# Nationwide Piranha Ban



## BRUNER247 (Jun 2, 2010)

if they banned piranha nationwide would you give yours up? What if your state made possession of piranha a felony would you give em up? Move to another state? Hide em & hope for best?


----------



## pirana666 (Aug 26, 2010)

i just would act, like im a noob,and say :sorry sir, but i didnt knew it, at all....WY they banned??? (huuh







)
im from holland its to cold here,to survive either way....


----------



## Dolphinswin (Jun 26, 2010)

i'd give it up... its a damn fish lol nothing to get a felony for.


----------



## ZOSICK (May 25, 2005)

I have nothing since I only post in the lounge....











Dolphinswin said:


> if they banned piranha nationwide would you give yours up? What if your state made possession of piranha a *felony* would you give em up? Move to another state? Hide em & hope for best?


fool

totally hypothetical and unrealistic situation...prison not jail time for fish, really









it would really be just a "fine" for owning... distribution my get you a "fine" and "community service".


----------



## Dolphinswin (Jun 26, 2010)

ZOSICK said:


> if they banned piranha nationwide would you give yours up? What if your state made possession of piranha a *felony* would you give em up? Move to another state? Hide em & hope for best?


fool

totally hypothetical and unrealistic situation...prison not jail time for fish, really









it would really be just a "fine" for owning... distribution my get you a "fine" and "community service".
[/quote]
obviously but I just played along with the game, it said felony. If it was for some rare never happen reason be a felony Id dump the piranha.


----------



## BRUNER247 (Jun 2, 2010)

Its not a simple fine for a snakehead why would it be for a piranha? Carry some piranha into a illegal state & get caught I doubt they just slap you with a fine. Owner of river wonders is facing more than a dozen felonies. There was a member here a couple months ago that just got out the pen for illegal piranha.


----------



## Hogdog (Feb 1, 2010)

Technically speaking you can go to prison in this country for causing unnecessary suffering if you feed live vertebrates to fish. In reality a prison sentence is extremely unlikely.

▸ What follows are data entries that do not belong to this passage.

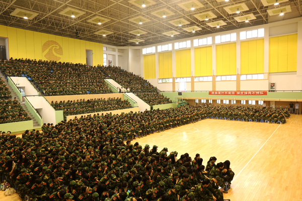 7月8日上午,2014级学生军训动员大会在绍兴校园体育馆举行。学院党委书记郑雅萍,副院长王薇、王河江,党委副书记黄新敏,副院长王连邦,驻训首长葛利锋上尉,学院学生军训领导小组成员,各二级学院负责军训工作的辅导员等出席大会。大会由黄新敏主持。
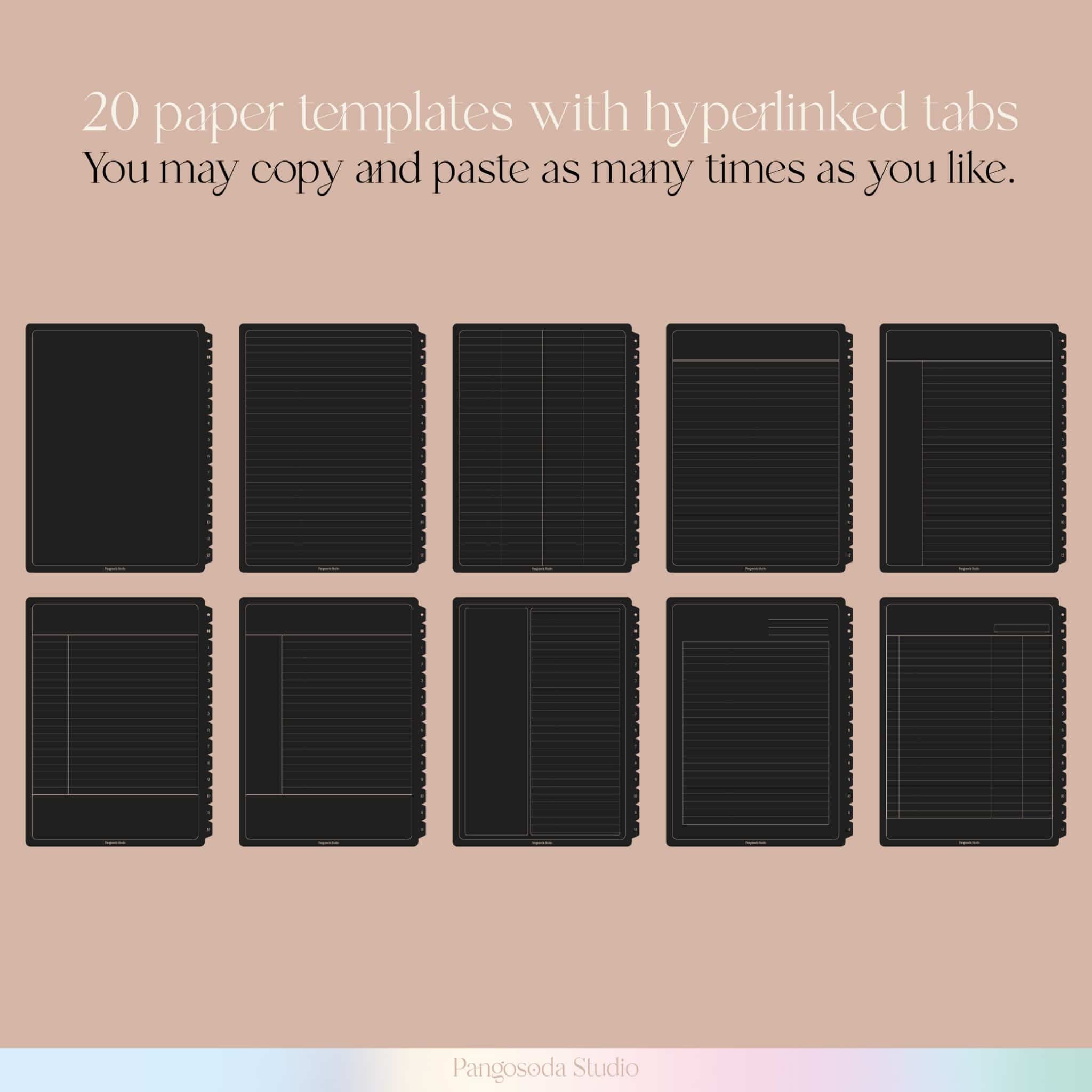 -Choose from 20 different paper templates.you can copy and paste to wherever you want in the notebook (as many times as you want).
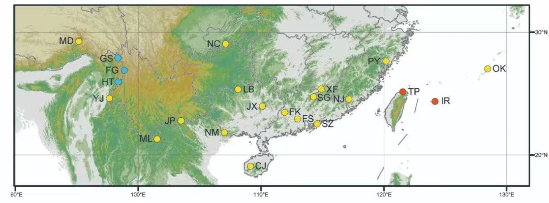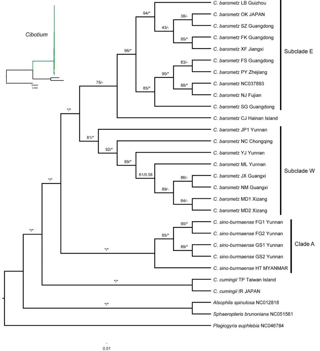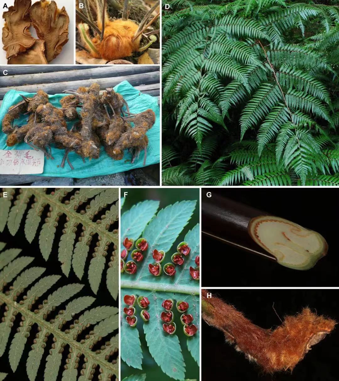 金毛狗科Cibotiaceae仅有一属,约10个物种,主要分布在中部美洲、夏威夷群岛及亚洲的热带和亚热带地区。我国已知2种,其中,金毛狗Cibotium barometz (L.) J.Sm.的分布较为广泛,常见于亚洲的亚热带和热带地区,以我国华南地区为分布中心。金毛狗是传统药材“狗脊”的基原植物,且由于姿态优美、四季常绿、根状茎形似一只仰卧的金毛小狗,常被作为观赏植物和工艺品销售。无序的采挖和生境的破坏已造成野外资源量急剧减少。该物种早已被列入濒危野生动植物种国际贸易公约附录2 (CITES, Appendix II),是唯一产自亚洲的药用蕨类植物。目前,金毛狗属Cibotium全属被纳入《国家重点保护野生植物名录》二级保护范畴。
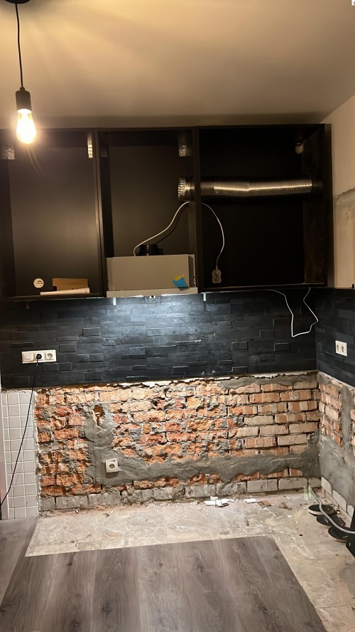Nu de keuken eruit is kan er begonnen worden met opbouwen. Samen met Jeroen hebben we inmiddels een begin gemaakt en zijn er zelfs al wat dingen aangesloten, al moeten we de draden wel nog wegwerken. Zondag komt Jeroen weer en gaan we hopelijk het grootste gedeelte onder zetten, zodat ik verder kan met afwerken. Misschien alvast het keukeneiland in elkaar zetten, want mijn handen jeuken om verder te gaan ;-)
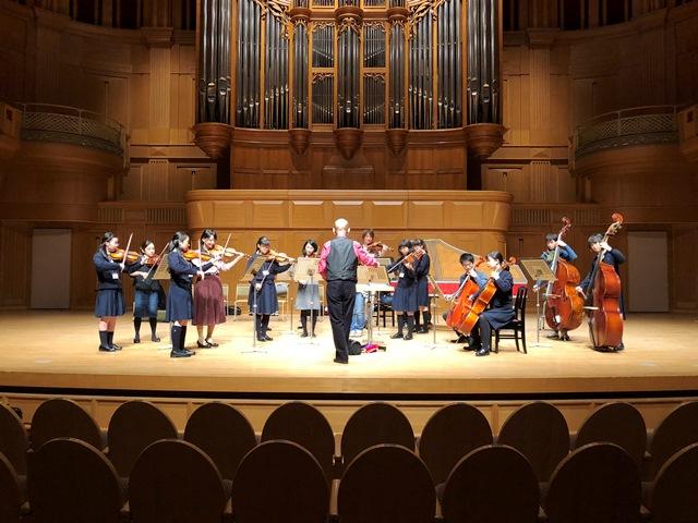 プログラムの中で、本校室内楽部の部員8名がパッヘルベルのカノンを共演させていただきました。

I also breed Guppies so if I have to cull any deformed ones I have to despatch them humanely before I feed them to my Piranha









If they banned them here I wouldn't get rid of mine, they'd have to come knocking on my door first.


----------



## Ba20 (Jan 29, 2003)

They would have to come find me, I'd never give em up









Just like my guns


----------



## sapir (Jun 20, 2008)

i might get flamed but ive kept Ps illegally it honestly doesnt bother me, not like i would of released them in a lake or some sh*t.


----------



## Guest (Apr 17, 2011)

I'd laugh . .


----------



## I Can Mate (Apr 8, 2010)

I think if you already had them you could keep them. Because I know snakeheads were banned and the people who owned them before the ban can still keep theirs. I got a buddy with a 3ft snakehead.


----------



## RedneckR0nin (Nov 5, 2008)

I would laugh and go about my day


----------



## TheSpaz13 (Apr 9, 2010)

I Can Mate said:


> I think if you already had them you could keep them. Because I know snakeheads were banned and the people who owned them before the ban can still keep theirs. I got a buddy with a 3ft snakehead.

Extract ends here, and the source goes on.